There are lots of good things that are done to the maximum for example Pepsi max, Maxi Priest, Max from Eastenders... those cool Max crisps by Walkers, but then there are also very BAD things that come in maxi size..Always maxi pads, a maximum spend on your debit card and Fatman Scoop.
It is with this same caution that I implore the women of the UK to treat the humble maxi dress. Such a beautiful creation, it was made for long hot summer days spent picking strawberries and riding bikes in meadows with loved ones. (when was the last time you actually saw a meadow though?) That is of course before shops like ATLANTIC and RISKY (For goodness sake guys the warning is in the name!) got wind of it! Now we just have eyesores offending my iris’ on a daily basis.
Where is the law that says you have to wear the purple flip flops with the purple maxi dress and purple bangles and a purple nipple piercing, which I could just about stomach if it wasn’t topped with a purple weave worn by a woman eating a purple beetroot!
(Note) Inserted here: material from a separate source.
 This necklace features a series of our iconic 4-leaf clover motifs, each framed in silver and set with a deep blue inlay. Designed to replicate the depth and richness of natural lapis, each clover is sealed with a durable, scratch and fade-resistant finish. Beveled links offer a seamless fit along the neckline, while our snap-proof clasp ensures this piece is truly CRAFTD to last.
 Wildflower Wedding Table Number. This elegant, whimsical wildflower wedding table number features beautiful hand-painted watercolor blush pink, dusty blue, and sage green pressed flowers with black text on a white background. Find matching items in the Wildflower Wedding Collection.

Ok so the last bit was a lie but you get my drift?
I just wish people would bear this in mind before this simplest of pleasures is ripped scornfully from the hands of fashion loving individuals like you and I!
SO..this is how you do it....
http://blazerwhore.blogspot.com/ cheating on her blazer
Me on the hunt for some car parts...
A wonderful example of effortless chic.
And THIS is why you do NOT by clothes from Atlantic Clothing...
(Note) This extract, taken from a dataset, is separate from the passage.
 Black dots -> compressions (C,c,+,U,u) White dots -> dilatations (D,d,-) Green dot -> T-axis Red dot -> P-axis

Aaaah, now that is out of my system I can continue telling you about the fabulous people I found out and about in the streets of London making me proud!
Here is just a selection of the finest...
Obviously has FABULOUS taste in shoes...and in life generally!
I don't know who this mystery lady is but she does look cool....and very familiar....
and here she is again just scoping out some fruit.....
I hope we have learned an important lesson here folks...
Just say no to drugs....oh and don't abuse your maxi dress privileges!